Also, Mr David Afolayan, Chief Executive Officer, GIS Consult, Ibadan, said that GIS Day 2022, is themed: “Biodiversity Conservation”, because plant and animal species were becoming extinct every year.

Afolayan said with the use of the Geographic Information System (GIS) it has become possible to map, monitor, model and conserve biodiversity for the present and future generations.

The GIS expert said one of the things recurring at COP27 was that there had been several promises and minimal results.

He lamented that the little progress made on reversing the effect of climate change has been wound back.

“This is because of some realities that countries are facing due to the Russia and Ukraine War that has disrupted the availability of fuel and the food supply chain, among others.

“The Russia and Ukraine War has changed the perception of people about the climate goal they set.

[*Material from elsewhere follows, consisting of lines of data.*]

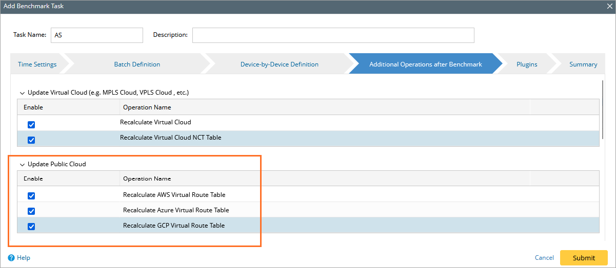 In the Update Public Cloud area of Additional Operations after Benchmark tab, make sure both Recalculate AWS Virtual Route Table and Recalculate Azure Virtual Route Table are selected.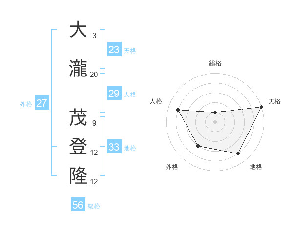 大瀧 茂登隆さんを姓名の画数から五運を鑑定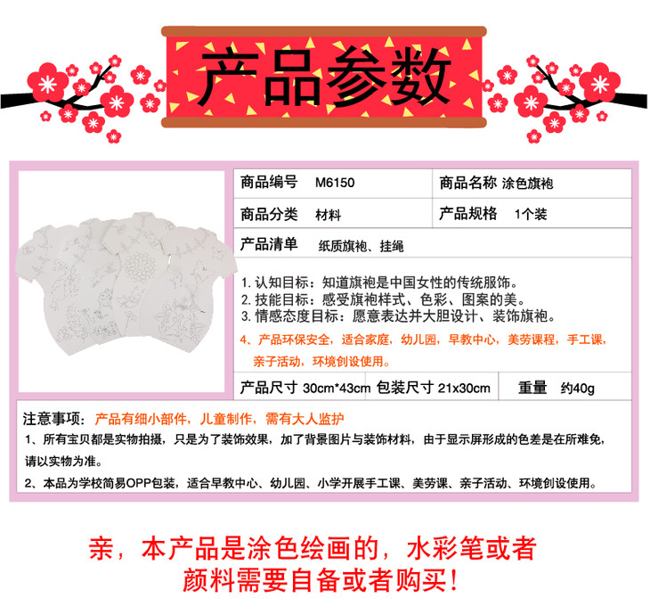 MEIKE美可【涂色旗袍】幼儿园课堂手工DIY纸质涂色旗袍材料包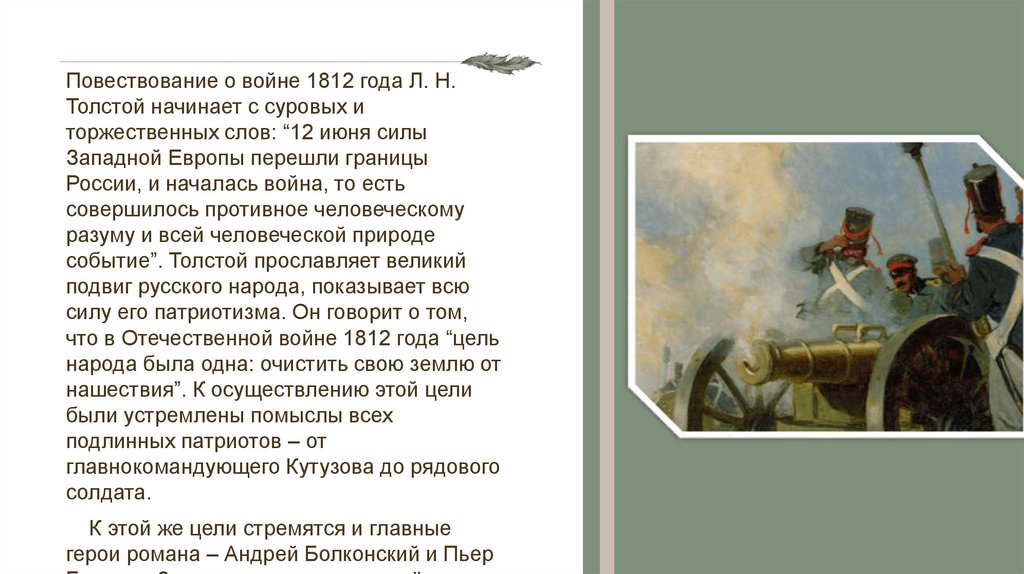 Повествование о войне 1812 года Л. Н.Толстой начинает с суровых и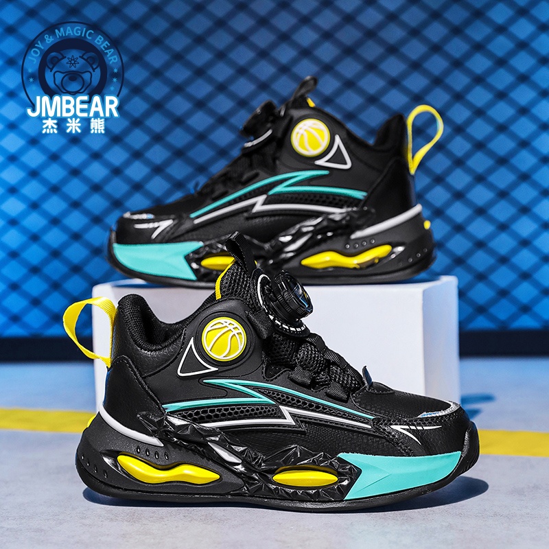 轻便透气跑鞋 杰米熊童鞋 网面男童休闲纽扣运动鞋 新款 男孩 2025秋季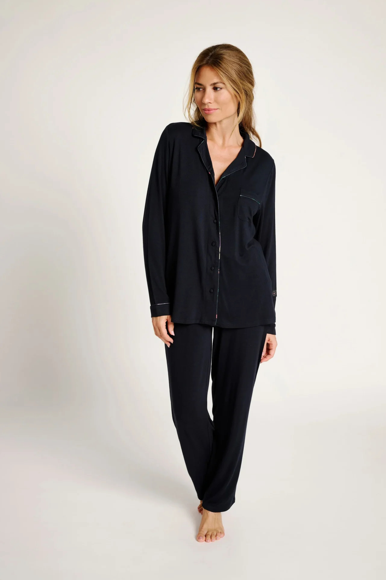 Pigiama in modal aperto davanti, colore blu scuro con contorni floreali. Pantalone con tasche e coulisse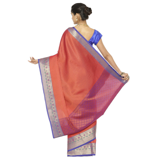Faishana Light Red Resham Brocade Saree With Contrast Blue Zari Pattu Border

“Presidents and leaders have come to a sad reality; should we keep a promise that we don’t even know whether we are achieving or face the reality that we have to stay alive today?

“European countries are at risk because they are facing winter and power is needed to warm up their homes and now there is fuel challenge, power, and gas distribution,” Afolayan said.

While inaugurating the Agro-Biodiversity Conservation (ABC) project, he said through partnerships, the project would ensure that schools plant a garden where endangered plants would be planted by students who would monitor the growth and challenged fertility of the soil and see the plants and would intervene to make it to come back.

“And, in that process, the students would learn the hard truth that there is something that everyone can do and that they must monitor it to see it grow.

“They will plant the gardens, capture information about biodiversity and nurture a garden of endangered plants which would be a learning process which they can replicate in their home.

“The project is on the Geography Green School project, which is all about sustainable development, understanding how the earth operates and what needs to be done,” he said.

One of the participants, Ifeoluwa Ajayi-Obe, also a student of the American Christian Academy, said the event was an eye-opener, promising to conserve the natural world.